Saturday, September 13, 2008

Innovation in social research

The social sciences are charged to arrive at a good empirical understanding of the social world around us. They are charged to provide hypotheses and theories on the basis of which to explain the outcomes and patterns they discover. And they are charged to help design policies and interventions that will contribute to durable solutions to important social problems.

This is a big agenda, and it will only be achieved, I believe, if the next several decades witness a substantial burst of creative new thinking in all the social sciences. The disciplines, the inter-disciplines, and the social science institutions need to stimulate a lot of innovative thinking, if we are to arrive at a better understanding of the social world and a better ability to solve social problems.

Why should we think this is true? What makes us think that the current theories and research methodologies are not sufficient? And what kinds of innovation should we be aiming at?

The need for innovation results from several points. First is the tendency of the social science disciplines to give excessive primacy to a few methodologies and theories as the preferred wisdom. Quantitative methods, survey methodology, rational choice theory, and formal modeling techniques have defined "cutting-edge" social science research for several decades in several disciplines. When we take full measure of their specific limitations, these are perfectly useful components of social science research. But we should never imagine that they suffice for every research problem. The problems confronting the social sciences need a broader palette, a larger tool box.

Second, social phenomena almost always involve a mix of processes and behaviors that fall within the boundaries of distinct disciplines. This means that the hypotheses and theories of a single discipline will not capture the dynamics of the given body of phenomena. This in turn means that it is essential for social scientists to approach research problems with an interdisciplinary spirit; they need to welcome a somewhat eclectic mix of approaches.

Third, there is a need for some new thinking about causal processes and the reasoning we use to investigate causation in the social realm. The turn to causal mechanisms is an important step in this direction, but more new thinking is needed as well.

Fourth, it is important to find better ways of incorporating the study of agency and concrete individual behavior into social science theories. The cultural turn and the willingness to attempt to make use of some of the tools of ethnography and social psychology within structural and quantitative approaches is a good start, and we need to go further.

Fifth, we need some new ideas about how separate social processes aggregate and interact. The basic idea of a social agglomeration as a composition of lesser processes seems very compelling; so a better set of tools for modeling and analyzing these compositional processes is needed.

Much of this has to do with a particular kind of innovation: finding ways of borrowing across disciplines to permit the construction of analyses that are more sufficient. But there is also a need for a more fundamental form of innovation as well, at the level of the concepts and theories we use to characterize the social world. Could we arrive at a new concept of social identity that captures more of the fluidity and variability of the ways social identities actually work in a complex social world? Could our concept of social class be replaced by a different construct that was more friendly to the many strands that are involved in the phenomena of social class? Could we arrive at a better conceptual scheme for analyzing the institutions of government power and the exercise of state power?
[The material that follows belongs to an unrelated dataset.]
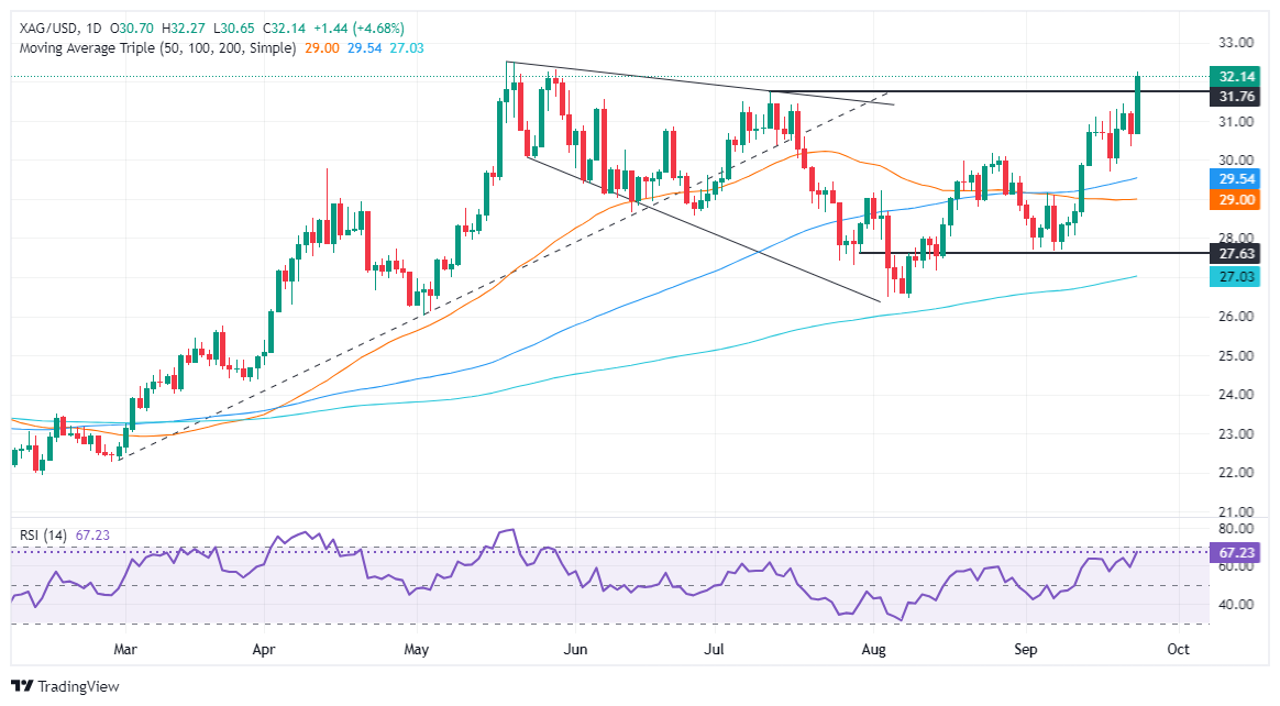 周二(9月24日),受美元走软推动,现货白银暴涨逾4%,并一度站上32.00美元/盎司关口。FXStreet分析师Christian Borjon Valencia最新撰文,对银价技术走势进行分析。

Here is a short list of innovative social theorists whom I would recognize in the past several decades: Albert Hirschman, Ben Anderson, James Scott, Charles Sabel, Seyla Ben-Habib, Martha Nussbaum, Thomas Schelling, Edward Said, Charles Tilly, Pierre Bourdieu, G. William Skinner, Elizabeth Perry, Robert Bates, Stephen Greenblatt, Robert Brenner, Mark Elvin. Each brought forward some genuinely novel ideas that shed new light on some aspect of the social world. And in many instances those ideas have demonstrated their staying-power. And, with almost no exceptions, none of these thinkers is narrowly defined by a single discipline.